= RECORD SET =
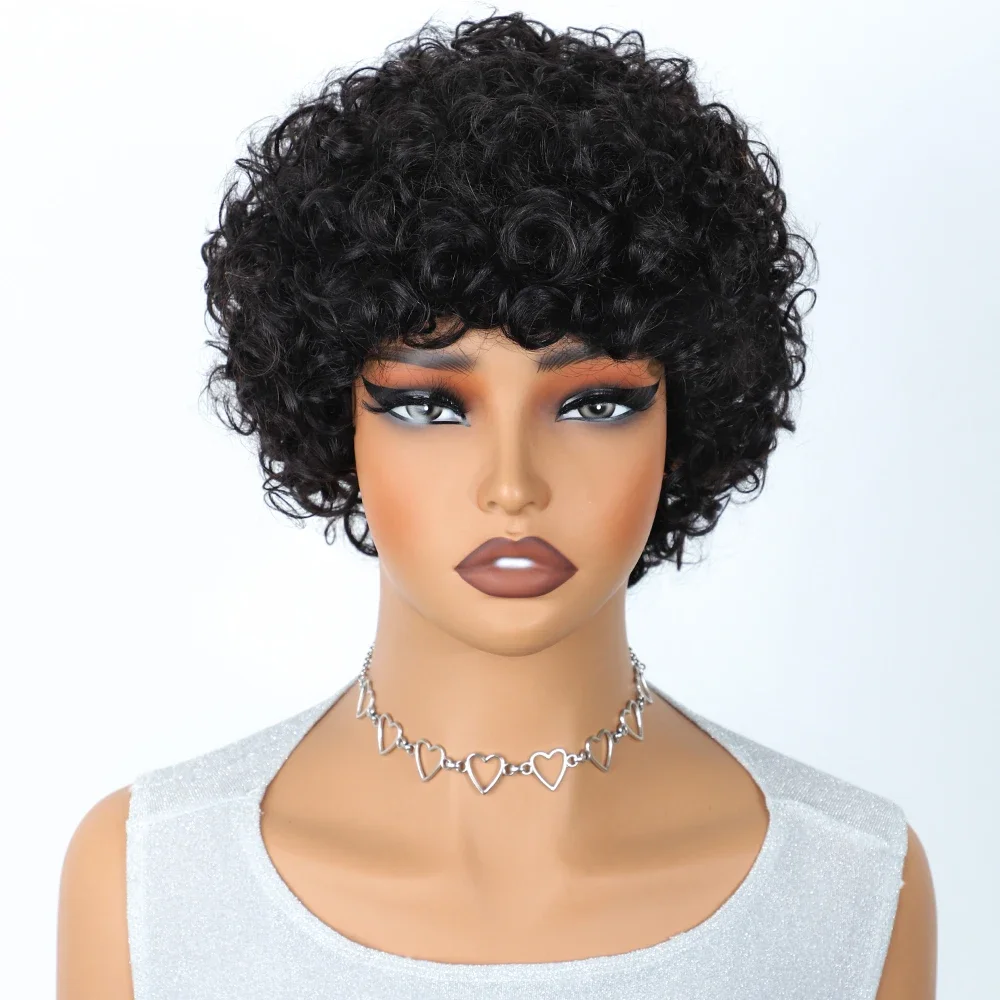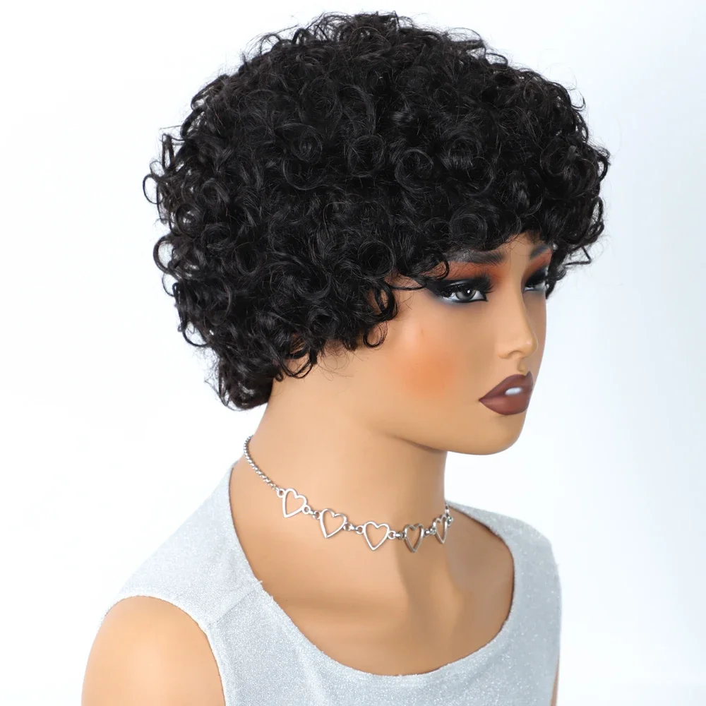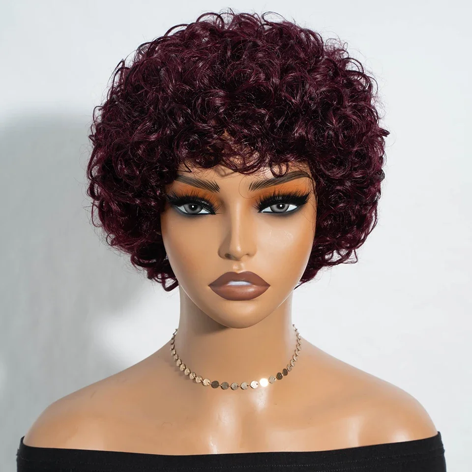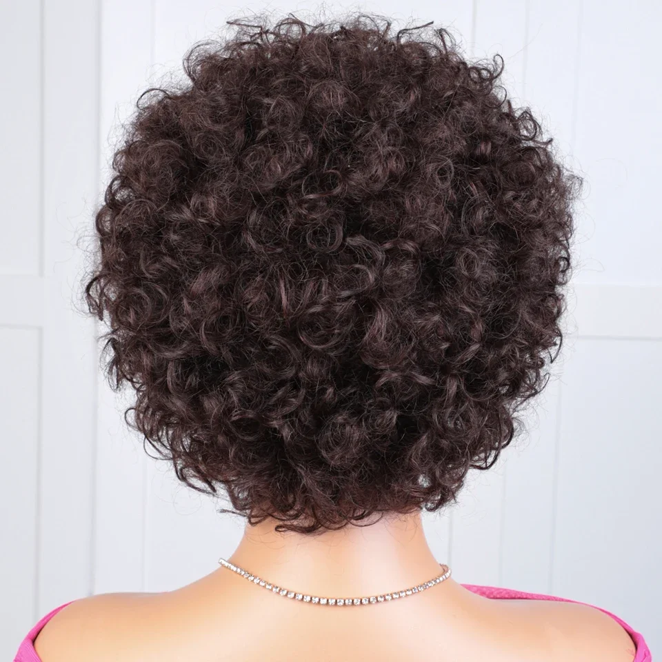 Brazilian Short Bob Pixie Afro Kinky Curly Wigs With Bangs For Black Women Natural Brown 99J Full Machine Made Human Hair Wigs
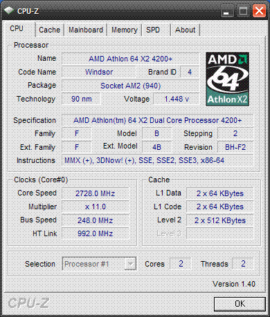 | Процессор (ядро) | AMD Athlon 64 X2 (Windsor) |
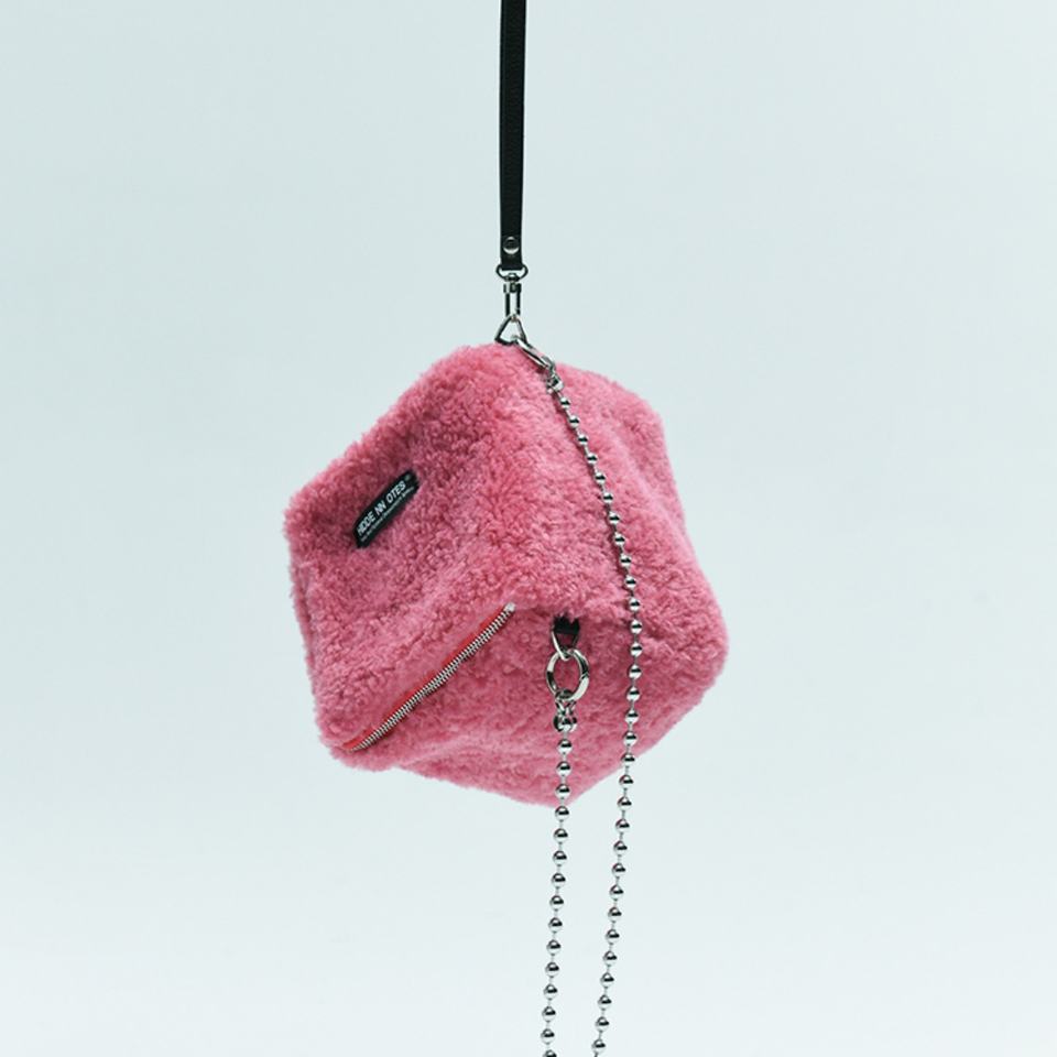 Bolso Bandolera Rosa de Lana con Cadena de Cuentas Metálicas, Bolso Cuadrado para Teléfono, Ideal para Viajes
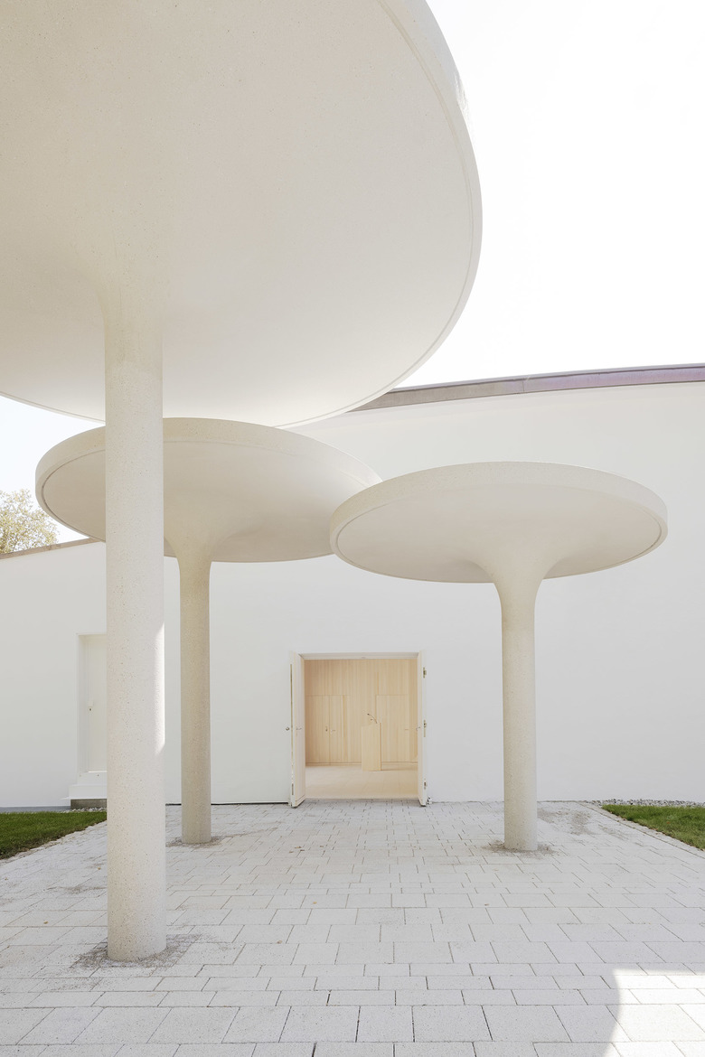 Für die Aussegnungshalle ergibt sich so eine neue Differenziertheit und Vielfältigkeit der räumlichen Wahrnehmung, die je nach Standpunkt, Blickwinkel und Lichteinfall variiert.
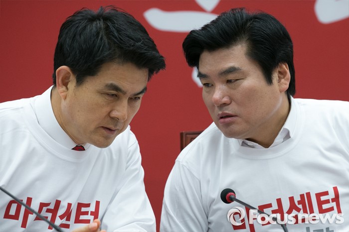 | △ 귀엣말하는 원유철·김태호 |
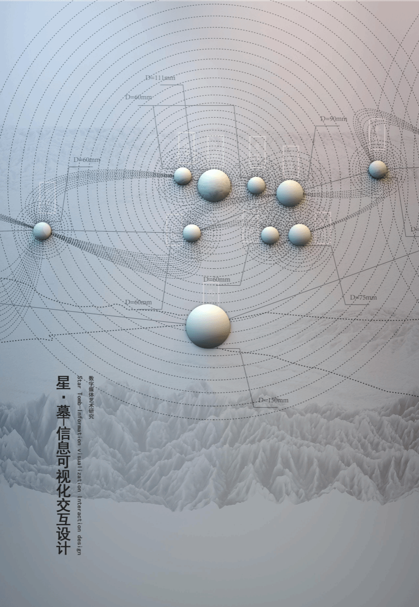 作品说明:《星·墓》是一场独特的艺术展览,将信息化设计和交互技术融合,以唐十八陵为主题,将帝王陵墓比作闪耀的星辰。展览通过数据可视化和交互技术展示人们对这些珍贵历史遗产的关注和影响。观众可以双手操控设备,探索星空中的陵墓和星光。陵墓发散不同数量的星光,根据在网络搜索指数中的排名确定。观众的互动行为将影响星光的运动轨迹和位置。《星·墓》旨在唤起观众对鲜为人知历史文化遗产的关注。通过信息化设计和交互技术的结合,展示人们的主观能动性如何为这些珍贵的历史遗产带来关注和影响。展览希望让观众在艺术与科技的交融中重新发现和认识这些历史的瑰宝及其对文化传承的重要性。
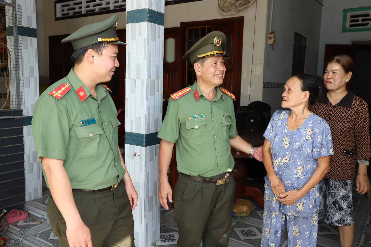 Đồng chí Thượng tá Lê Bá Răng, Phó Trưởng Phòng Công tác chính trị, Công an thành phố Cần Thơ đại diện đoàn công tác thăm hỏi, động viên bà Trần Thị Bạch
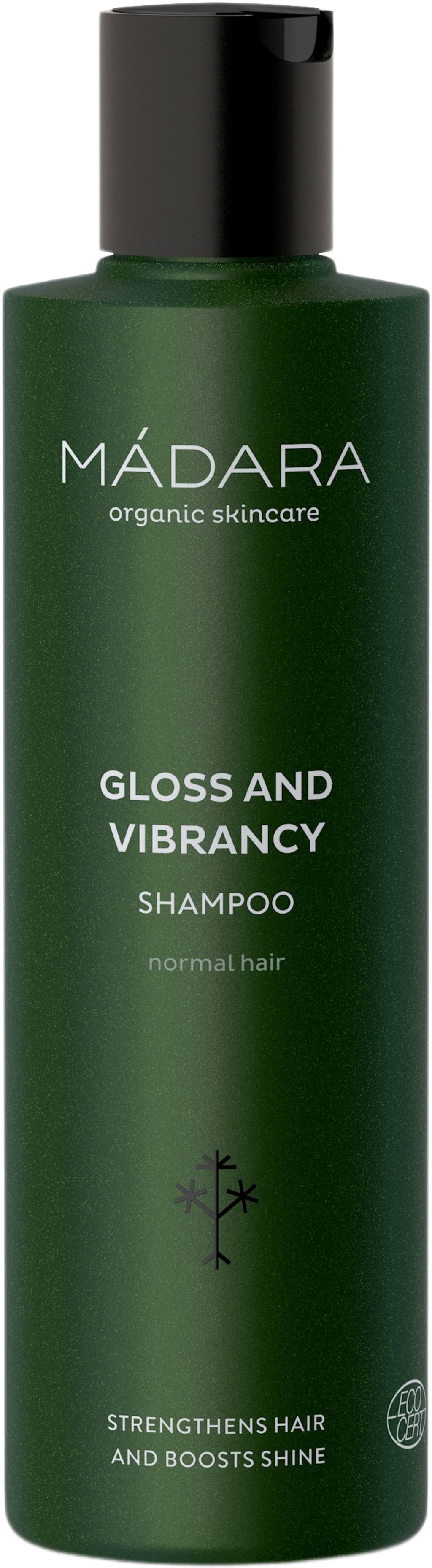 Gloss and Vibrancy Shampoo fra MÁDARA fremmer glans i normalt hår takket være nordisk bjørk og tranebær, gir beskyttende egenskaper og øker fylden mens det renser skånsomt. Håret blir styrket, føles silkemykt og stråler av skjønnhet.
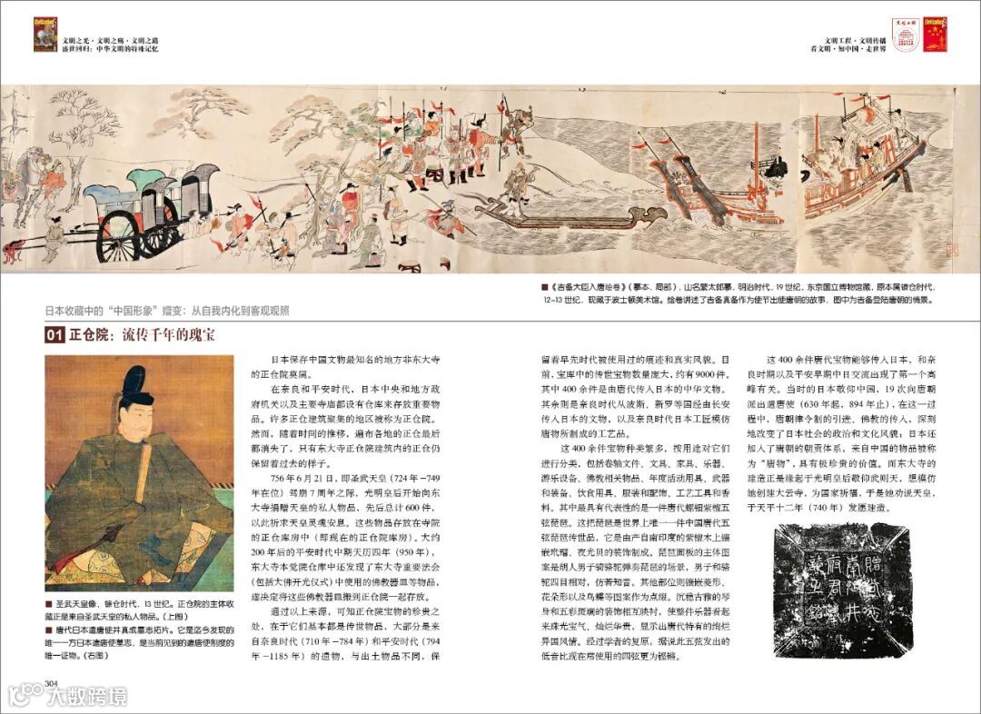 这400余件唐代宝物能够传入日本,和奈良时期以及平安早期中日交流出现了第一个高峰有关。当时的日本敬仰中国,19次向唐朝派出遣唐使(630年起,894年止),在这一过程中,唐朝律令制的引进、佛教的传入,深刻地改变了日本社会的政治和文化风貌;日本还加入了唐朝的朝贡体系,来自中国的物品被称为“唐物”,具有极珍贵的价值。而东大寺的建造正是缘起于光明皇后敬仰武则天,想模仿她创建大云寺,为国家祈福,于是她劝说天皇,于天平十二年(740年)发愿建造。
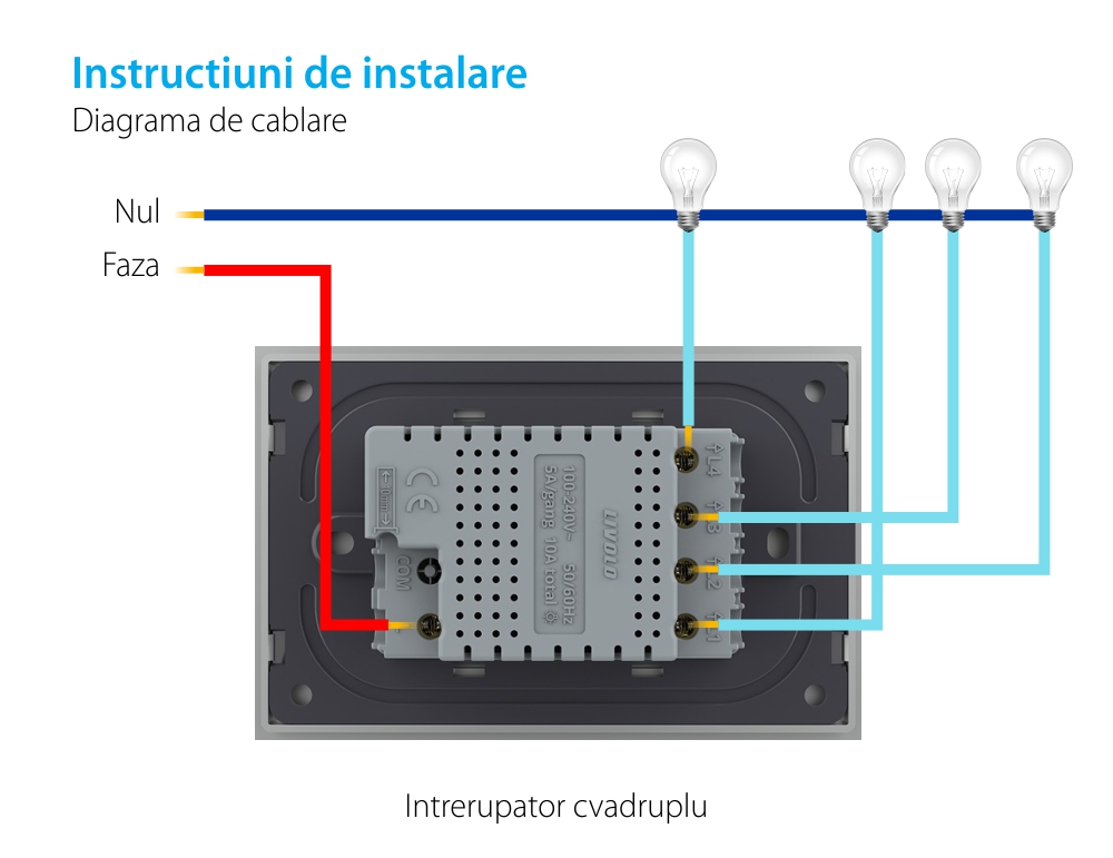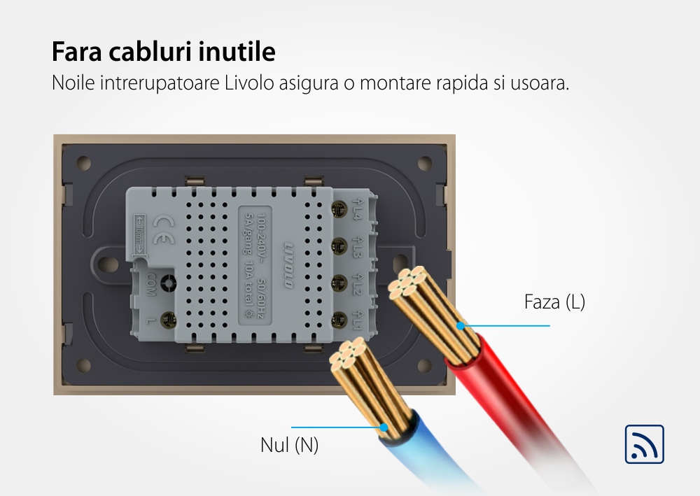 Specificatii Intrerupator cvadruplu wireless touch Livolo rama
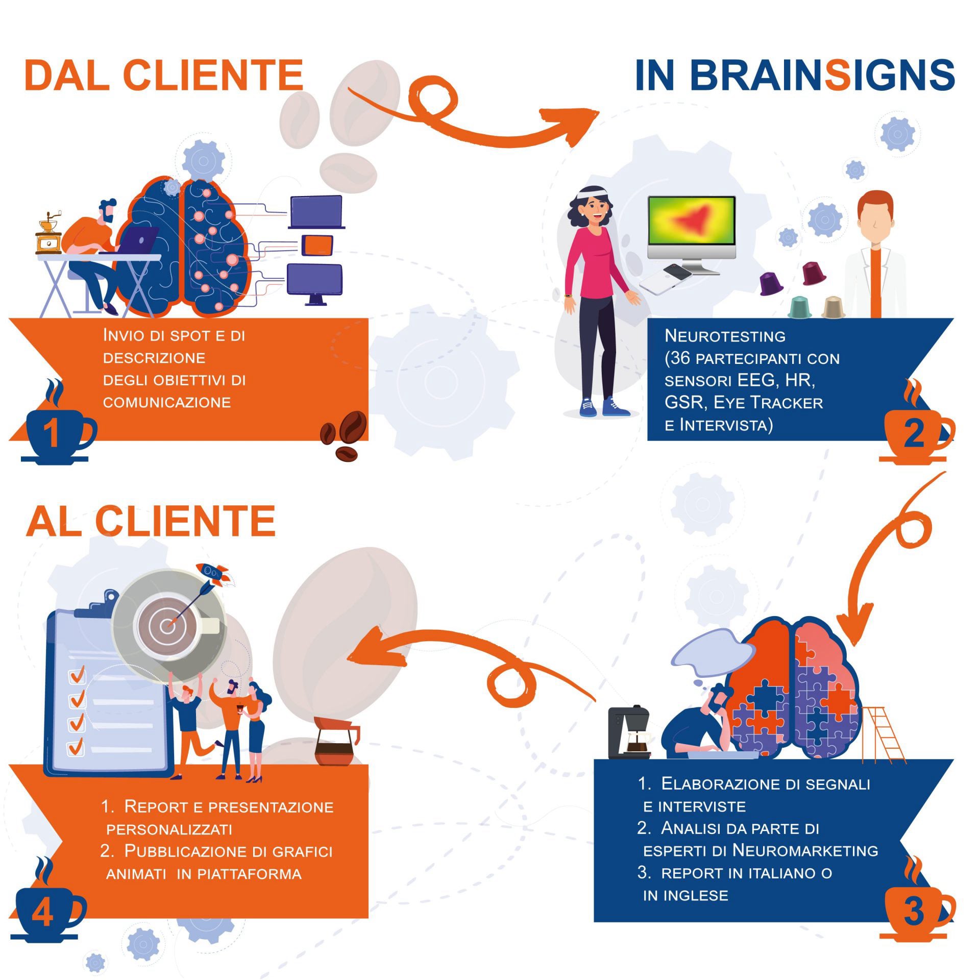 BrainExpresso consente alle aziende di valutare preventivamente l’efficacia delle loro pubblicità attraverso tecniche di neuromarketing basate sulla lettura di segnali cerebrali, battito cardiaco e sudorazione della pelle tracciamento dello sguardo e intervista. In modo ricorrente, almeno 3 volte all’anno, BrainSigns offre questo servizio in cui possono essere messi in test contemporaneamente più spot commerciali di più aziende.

= HOW TO COMPLETE THIS TASK =
Retype all of the data above word for word, excluding the pictures.

= THE COMPLETED TASK =
 Brazilian Short Bob Pixie Afro Kinky Curly Wigs With Bangs For Black Women Natural Brown 99J Full Machine Made Human Hair Wigs
 | Процессор (ядро) | AMD Athlon 64 X2 (Windsor) |
 Bolso Bandolera Rosa de Lana con Cadena de Cuentas Metálicas, Bolso Cuadrado para Teléfono, Ideal para Viajes
 Für die Aussegnungshalle ergibt sich so eine neue Differenziertheit und Vielfältigkeit der räumlichen Wahrnehmung, die je nach Standpunkt, Blickwinkel und Lichteinfall variiert.
 | △ 귀엣말하는 원유철·김태호 |
 作品说明:《星·墓》是一场独特的艺术展览,将信息化设计和交互技术融合,以唐十八陵为主题,将帝王陵墓比作闪耀的星辰。展览通过数据可视化和交互技术展示人们对这些珍贵历史遗产的关注和影响。观众可以双手操控设备,探索星空中的陵墓和星光。陵墓发散不同数量的星光,根据在网络搜索指数中的排名确定。观众的互动行为将影响星光的运动轨迹和位置。《星·墓》旨在唤起观众对鲜为人知历史文化遗产的关注。通过信息化设计和交互技术的结合,展示人们的主观能动性如何为这些珍贵的历史遗产带来关注和影响。展览希望让观众在艺术与科技的交融中重新发现和认识这些历史的瑰宝及其对文化传承的重要性。
 Đồng chí Thượng tá Lê Bá Răng, Phó Trưởng Phòng Công tác chính trị, Công an thành phố Cần Thơ đại diện đoàn công tác thăm hỏi, động viên bà Trần Thị Bạch
 Gloss and Vibrancy Shampoo fra MÁDARA fremmer glans i normalt hår takket være nordisk bjørk og tranebær, gir beskyttende egenskaper og øker fylden mens det renser skånsomt. Håret blir styrket, føles silkemykt og stråler av skjønnhet.
 这400余件唐代宝物能够传入日本,和奈良时期以及平安早期中日交流出现了第一个高峰有关。当时的日本敬仰中国,19次向唐朝派出遣唐使(630年起,894年止),在这一过程中,唐朝律令制的引进、佛教的传入,深刻地改变了日本社会的政治和文化风貌;日本还加入了唐朝的朝贡体系,来自中国的物品被称为“唐物”,具有极珍贵的价值。而东大寺的建造正是缘起于光明皇后敬仰武则天,想模仿她创建大云寺,为国家祈福,于是她劝说天皇,于天平十二年(740年)发愿建造。
 Specificatii Intrerupator cvadruplu wireless touch Livolo rama
 BrainExpresso consente alle aziende di valutare preventivamente l’efficacia delle loro pubblicità attraverso tecniche di neuromarketing basate sulla lettura di segnali cerebrali, battito cardiaco e sudorazione della pelle tracciamento dello sguardo e intervista. In modo ricorrente, almeno 3 volte all’anno, BrainSigns offre questo servizio in cui possono essere messi in test contemporaneamente più spot commerciali di più aziende.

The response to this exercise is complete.